Reproduce, exactly and only, the lines of the data that follows from the one containing "또한 3km, 5km의" down to the one containing "CONTRATO 98/2026 - SAMYRIS", without pictures.

■ Excerpted records
++++++

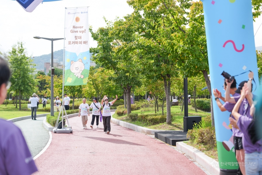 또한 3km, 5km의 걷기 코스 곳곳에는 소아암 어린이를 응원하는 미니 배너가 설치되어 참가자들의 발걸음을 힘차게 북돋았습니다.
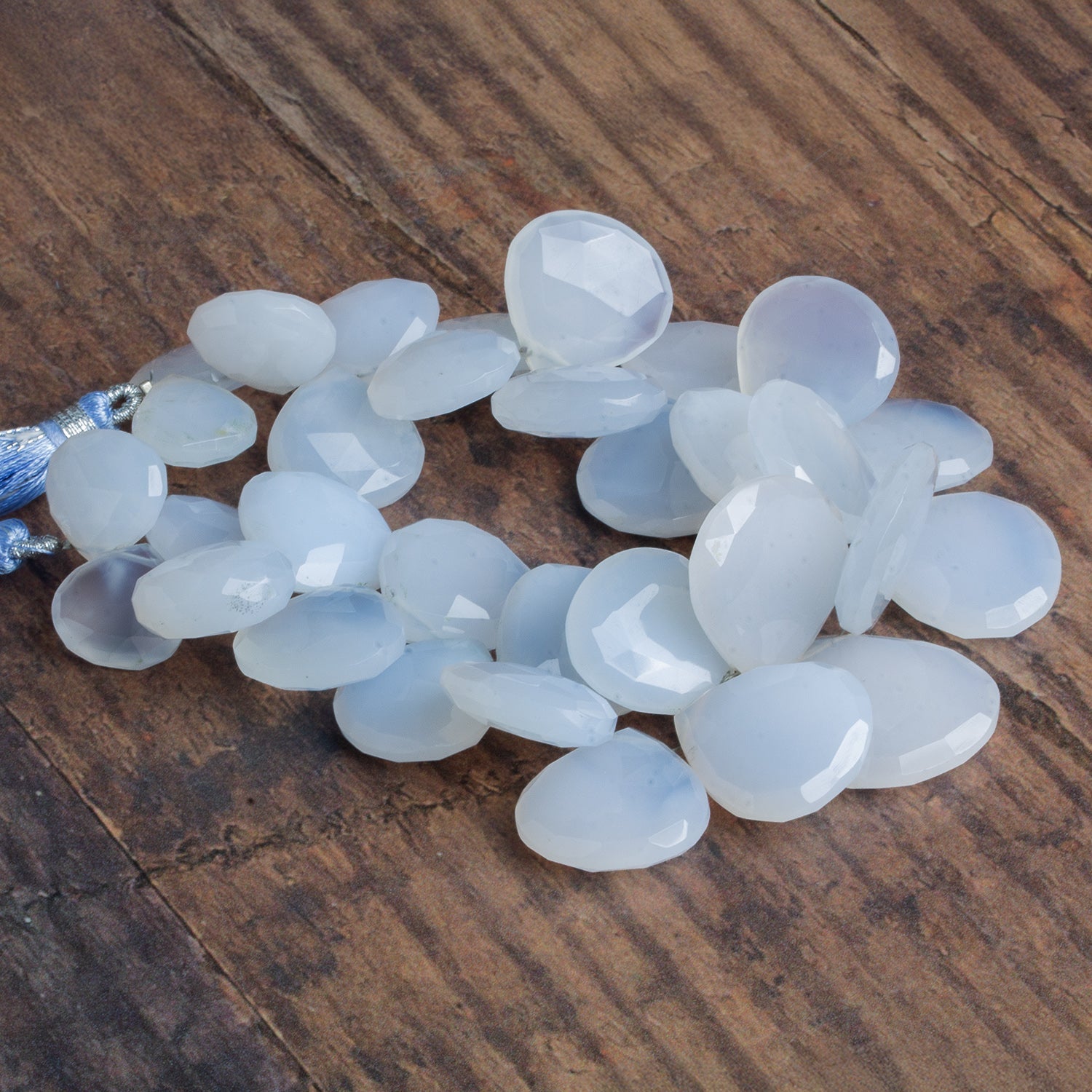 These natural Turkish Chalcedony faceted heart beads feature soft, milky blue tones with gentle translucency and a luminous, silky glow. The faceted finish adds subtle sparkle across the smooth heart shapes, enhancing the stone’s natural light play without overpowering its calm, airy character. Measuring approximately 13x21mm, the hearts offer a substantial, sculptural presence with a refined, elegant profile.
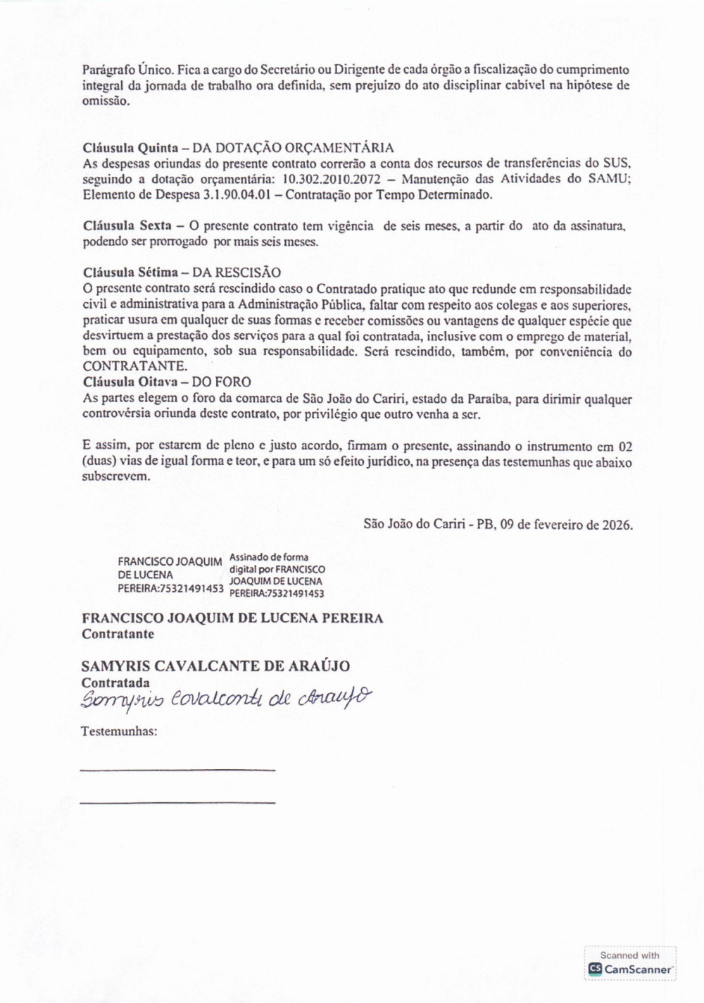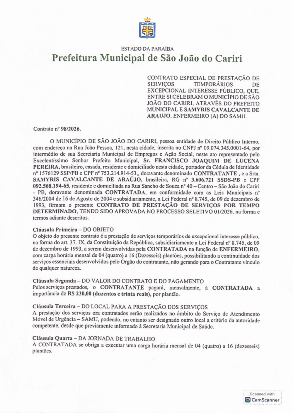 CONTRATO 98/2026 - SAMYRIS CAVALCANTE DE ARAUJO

++++++

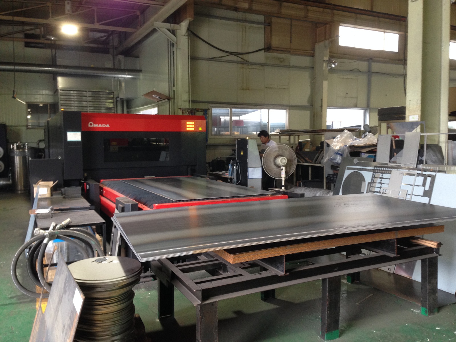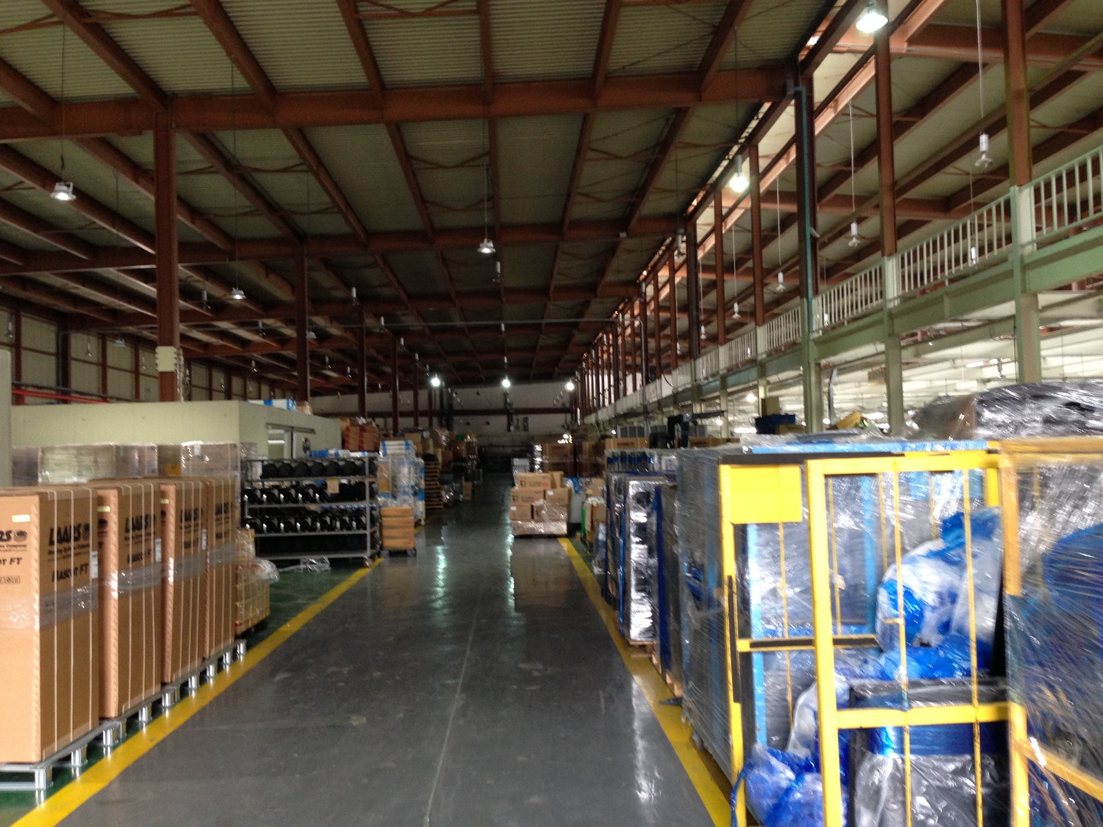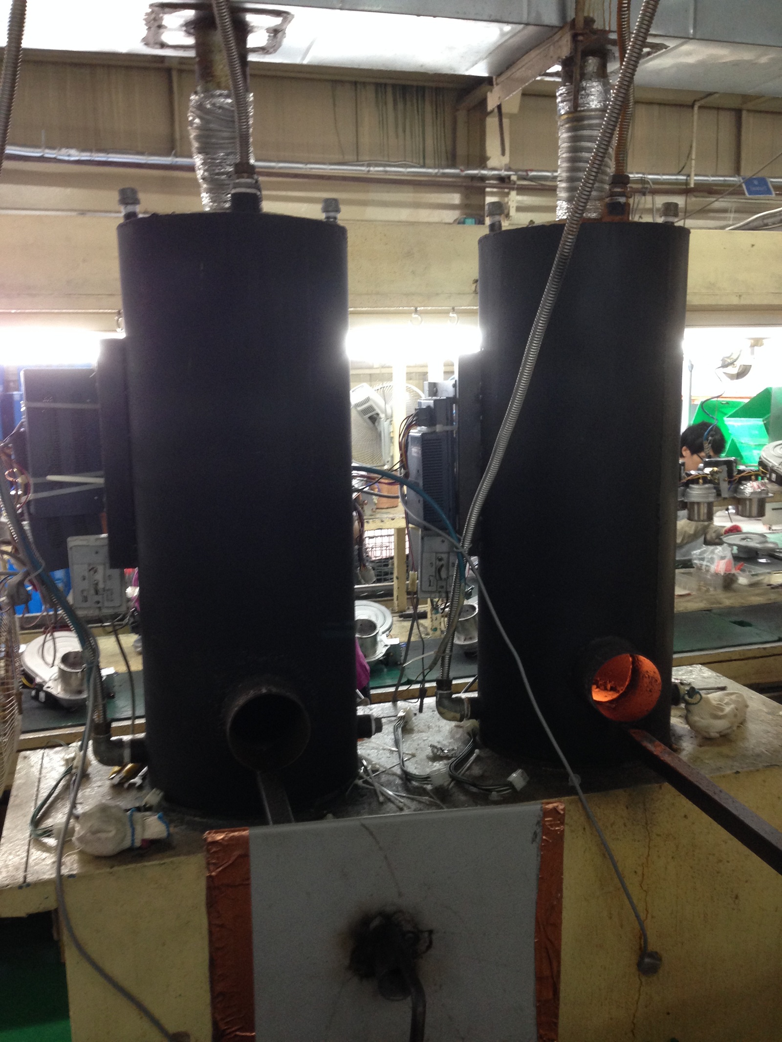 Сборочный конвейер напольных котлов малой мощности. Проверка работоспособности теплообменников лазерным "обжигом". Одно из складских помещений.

++++++

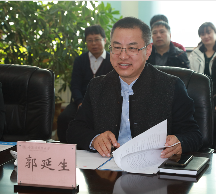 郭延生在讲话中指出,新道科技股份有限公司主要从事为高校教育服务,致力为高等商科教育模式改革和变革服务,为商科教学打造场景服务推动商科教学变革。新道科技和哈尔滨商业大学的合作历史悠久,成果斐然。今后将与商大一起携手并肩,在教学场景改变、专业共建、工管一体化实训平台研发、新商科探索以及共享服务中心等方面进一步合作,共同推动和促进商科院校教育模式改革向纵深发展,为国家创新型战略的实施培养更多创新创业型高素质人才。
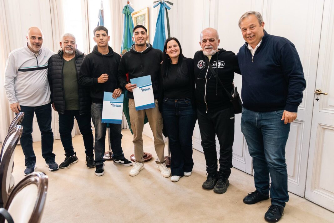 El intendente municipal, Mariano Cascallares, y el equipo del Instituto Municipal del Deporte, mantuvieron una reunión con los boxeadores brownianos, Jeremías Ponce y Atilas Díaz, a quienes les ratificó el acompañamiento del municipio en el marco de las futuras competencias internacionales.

++++++

■ Output of the task
 또한 3km, 5km의 걷기 코스 곳곳에는 소아암 어린이를 응원하는 미니 배너가 설치되어 참가자들의 발걸음을 힘차게 북돋았습니다.
 These natural Turkish Chalcedony faceted heart beads feature soft, milky blue tones with gentle translucency and a luminous, silky glow. The faceted finish adds subtle sparkle across the smooth heart shapes, enhancing the stone’s natural light play without overpowering its calm, airy character. Measuring approximately 13x21mm, the hearts offer a substantial, sculptural presence with a refined, elegant profile.
 CONTRATO 98/2026 - SAMYRIS CAVALCANTE DE ARAUJO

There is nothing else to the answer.